§ **How to complete this task**
The full listing, minus its pictures, should be printed again exactly as it stands.

§ **Information provided**
==*==
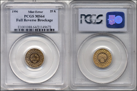 1996 Turkish Gold 25 Kurush Full Reverse Brockage
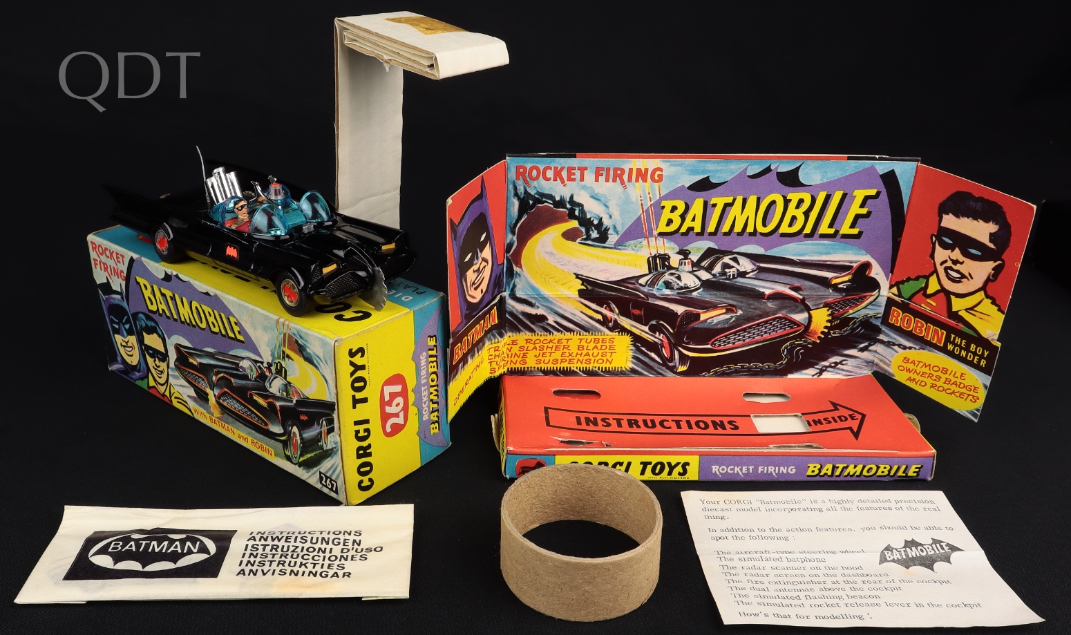 Batman's Batmobile by Corgi Toys, No. 267. Near mint/boxed. Most sought-after 1st issue, correct without tow hook. With all accessories & all packing. From The Elmer Collection. Starting bid £200. Please note that QDT apply 12.5% buyer's commission.
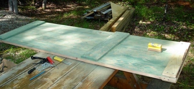 Дверь туалета собирают из шпунтованной доски, скрепленной поперечными планками для большей жесткости.
==*==
§ **Result below**
 1996 Turkish Gold 25 Kurush Full Reverse Brockage
 Batman's Batmobile by Corgi Toys, No. 267. Near mint/boxed. Most sought-after 1st issue, correct without tow hook. With all accessories & all packing. From The Elmer Collection. Starting bid £200. Please note that QDT apply 12.5% buyer's commission.
 Дверь туалета собирают из шпунтованной доски, скрепленной поперечными планками для большей жесткости.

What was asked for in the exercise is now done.